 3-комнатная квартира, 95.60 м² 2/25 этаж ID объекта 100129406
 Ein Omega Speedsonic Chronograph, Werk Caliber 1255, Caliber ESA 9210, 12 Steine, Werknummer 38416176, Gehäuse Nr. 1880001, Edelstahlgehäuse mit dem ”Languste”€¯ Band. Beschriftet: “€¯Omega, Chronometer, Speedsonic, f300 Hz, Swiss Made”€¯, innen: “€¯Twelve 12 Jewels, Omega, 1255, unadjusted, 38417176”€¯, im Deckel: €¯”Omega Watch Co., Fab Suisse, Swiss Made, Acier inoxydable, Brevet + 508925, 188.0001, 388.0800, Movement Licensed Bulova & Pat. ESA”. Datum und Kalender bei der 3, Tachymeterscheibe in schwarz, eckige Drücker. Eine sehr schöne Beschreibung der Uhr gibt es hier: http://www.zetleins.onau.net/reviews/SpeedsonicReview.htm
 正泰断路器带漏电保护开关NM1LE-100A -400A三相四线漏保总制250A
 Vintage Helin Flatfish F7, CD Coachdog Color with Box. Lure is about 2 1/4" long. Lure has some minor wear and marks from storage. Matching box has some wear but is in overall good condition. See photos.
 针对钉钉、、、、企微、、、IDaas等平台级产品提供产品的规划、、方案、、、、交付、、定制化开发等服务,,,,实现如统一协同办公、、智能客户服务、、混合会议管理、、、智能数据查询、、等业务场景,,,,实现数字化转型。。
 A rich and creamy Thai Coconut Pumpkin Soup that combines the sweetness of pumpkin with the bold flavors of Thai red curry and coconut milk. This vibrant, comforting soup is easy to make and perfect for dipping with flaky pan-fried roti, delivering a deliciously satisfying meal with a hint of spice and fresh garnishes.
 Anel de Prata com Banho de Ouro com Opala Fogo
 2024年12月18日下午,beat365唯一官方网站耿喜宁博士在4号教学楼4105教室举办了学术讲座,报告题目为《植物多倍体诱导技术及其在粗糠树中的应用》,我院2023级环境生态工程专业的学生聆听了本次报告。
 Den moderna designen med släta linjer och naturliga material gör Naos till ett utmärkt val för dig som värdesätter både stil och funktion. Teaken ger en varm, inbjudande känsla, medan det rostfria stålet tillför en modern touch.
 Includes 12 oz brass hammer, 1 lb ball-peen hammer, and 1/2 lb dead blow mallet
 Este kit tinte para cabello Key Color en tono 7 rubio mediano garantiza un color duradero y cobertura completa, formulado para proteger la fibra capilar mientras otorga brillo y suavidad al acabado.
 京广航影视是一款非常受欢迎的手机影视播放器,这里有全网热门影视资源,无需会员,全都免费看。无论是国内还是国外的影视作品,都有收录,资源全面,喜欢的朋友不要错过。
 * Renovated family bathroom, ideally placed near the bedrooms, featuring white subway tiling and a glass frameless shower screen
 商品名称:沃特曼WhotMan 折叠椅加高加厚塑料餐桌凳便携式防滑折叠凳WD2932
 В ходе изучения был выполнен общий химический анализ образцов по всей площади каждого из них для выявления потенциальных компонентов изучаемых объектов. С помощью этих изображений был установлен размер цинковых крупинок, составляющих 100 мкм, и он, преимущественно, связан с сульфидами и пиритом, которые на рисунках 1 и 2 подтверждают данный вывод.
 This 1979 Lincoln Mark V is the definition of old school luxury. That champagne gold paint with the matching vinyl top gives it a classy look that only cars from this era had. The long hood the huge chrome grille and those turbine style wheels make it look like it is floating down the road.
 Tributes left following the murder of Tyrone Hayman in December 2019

##############################

### Work request
Pull every line containing "that" out of the entries.

### Response to the task
 A rich and creamy Thai Coconut Pumpkin Soup that combines the sweetness of pumpkin with the bold flavors of Thai red curry and coconut milk. This vibrant, comforting soup is easy to make and perfect for dipping with flaky pan-fried roti, delivering a deliciously satisfying meal with a hint of spice and fresh garnishes.
 This 1979 Lincoln Mark V is the definition of old school luxury. That champagne gold paint with the matching vinyl top gives it a classy look that only cars from this era had. The long hood the huge chrome grille and those turbine style wheels make it look like it is floating down the road.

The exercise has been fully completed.